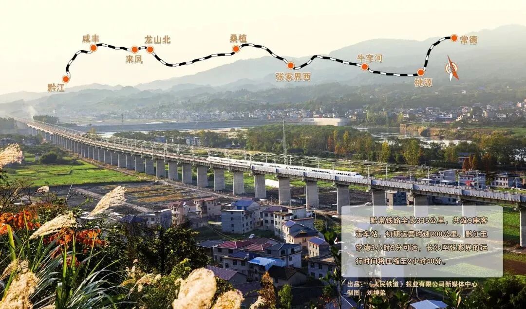 黔常铁路起于重庆市黔江区,向东经湖北恩施土家族苗族自治州咸丰县、来凤县,湖南湘西土家族苗族自治州龙山县、张家界市桑植县、永定区,终至常德市。线路全长335公里,全线共设黔江、咸丰、来凤、龙山北、桑植、张家界西、牛车河、桃源、常德9座客运车站,初期运营时速200公里。
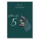 These Rustic Teal Green Peacock Wedding Table Numbers feature a hand-drawn blue and teal blue peacock perched on Magnolia branches in full bloom in black ink. Personalise with bride and grooms' monogram, names and table number by clicking on "Personalise this template" on the product page.
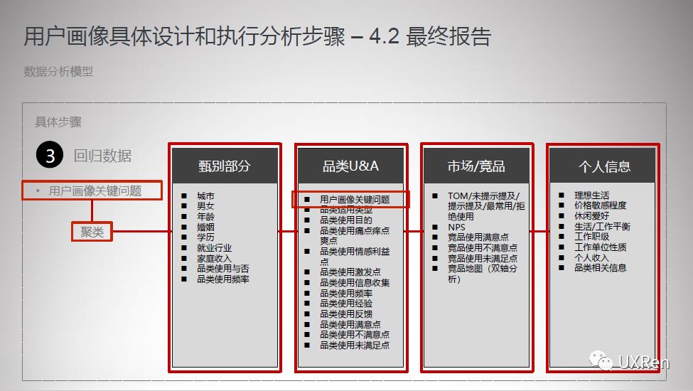 案头分析+内部团队沟通,通过桌面资料、内部资料收集,内部工作坊的沟通,最终达成内部期待值一致的可用于下一步验证的用户画像分类。
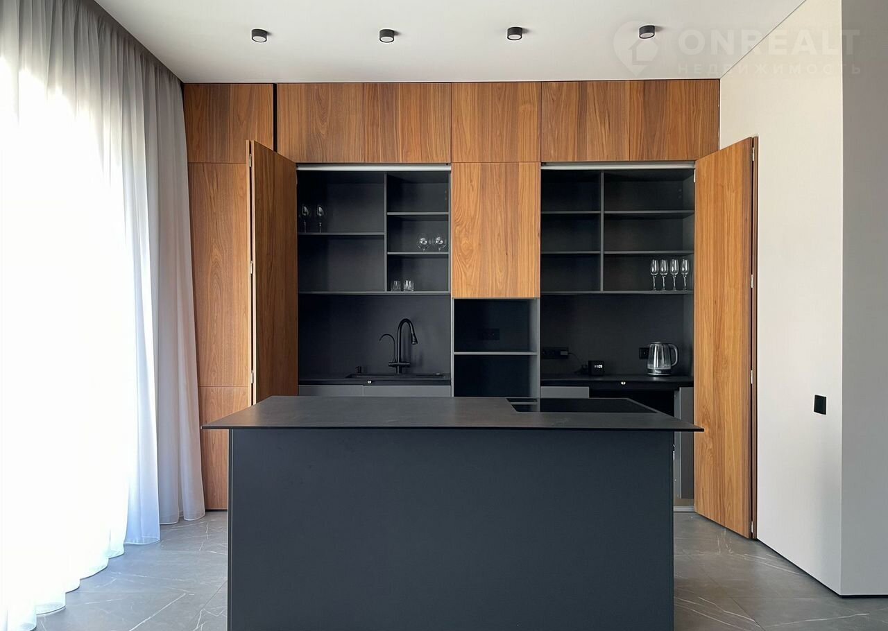 В стоимость дома входит не только кухонный гарнитур с техникой, но и обеденная зона (стол и стулья), подвесная тумба, диван, шторы.
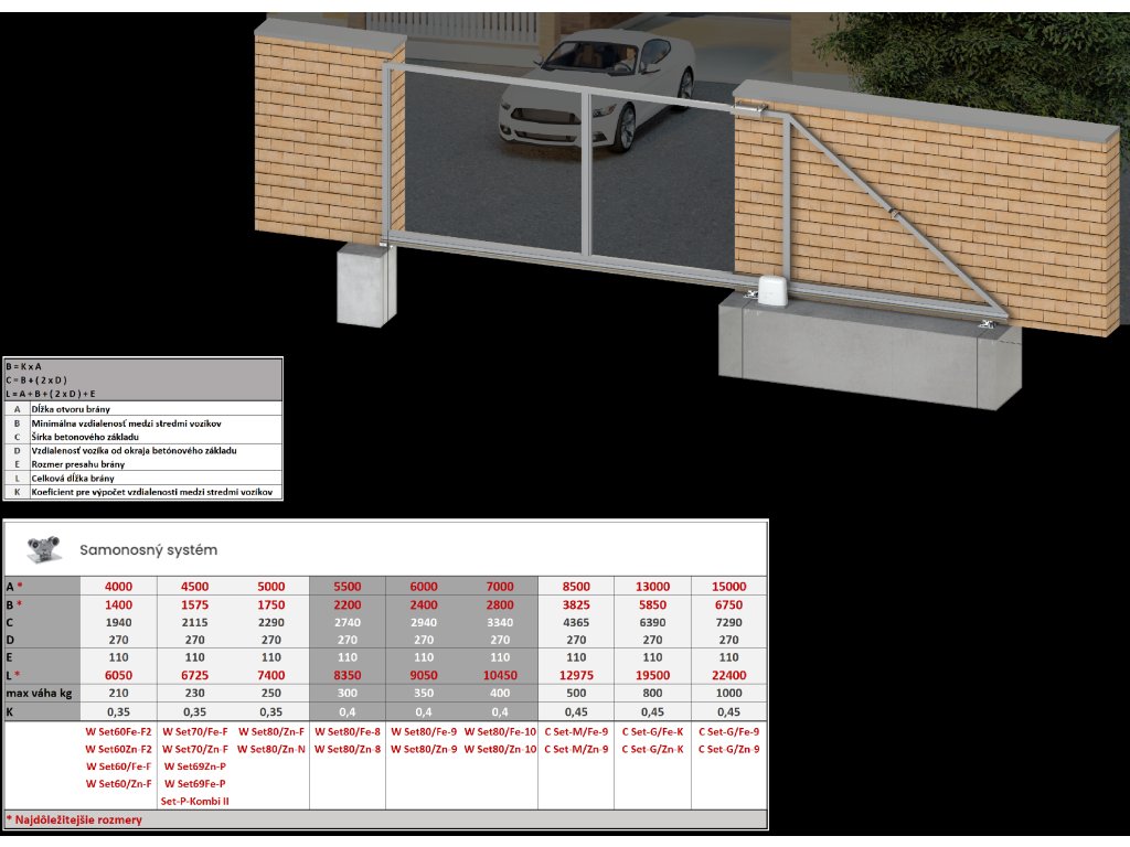 GRANDE-9 samonosný systém 140x140x6 mm pro posuvné brány do 1000 kg / 15 m otvor (C399G/Zn 2x 6 m pozinkovaný profil, C3999G 2ks,C396G 2ks, C397G 2ks), intenzivní provozDoplňkové parametry
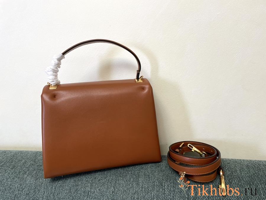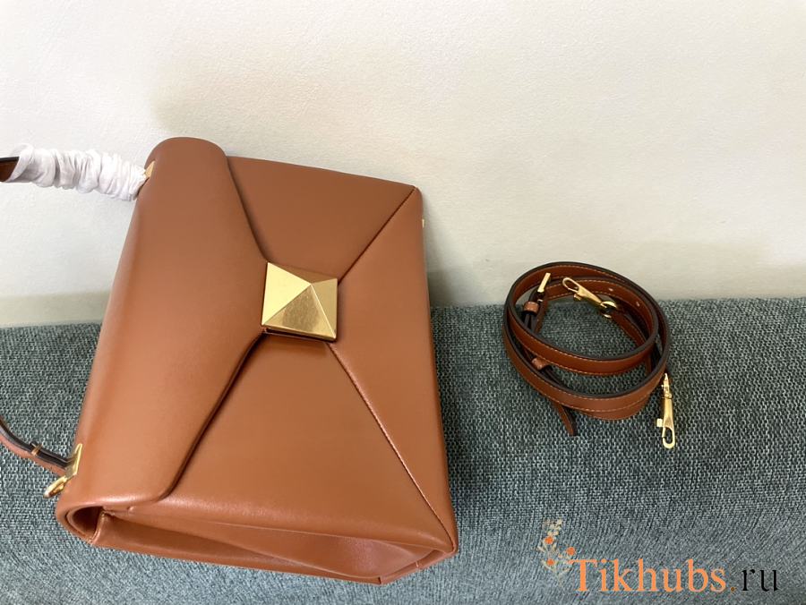Valentino Garavani One Stud Flap Leather Brown Handbag 24x18x10cm
============
WHAT YOU ARE ASKED TO DO: Up in the listing, locate the line with "These Rustic Teal"; print it and every line after it down to the line with "В стоимость дома", which is included too. Skip the pictures.

EXERCISE OUTPUT:
 These Rustic Teal Green Peacock Wedding Table Numbers feature a hand-drawn blue and teal blue peacock perched on Magnolia branches in full bloom in black ink. Personalise with bride and grooms' monogram, names and table number by clicking on "Personalise this template" on the product page.
 案头分析+内部团队沟通,通过桌面资料、内部资料收集,内部工作坊的沟通,最终达成内部期待值一致的可用于下一步验证的用户画像分类。
 В стоимость дома входит не только кухонный гарнитур с техникой, но и обеденная зона (стол и стулья), подвесная тумба, диван, шторы.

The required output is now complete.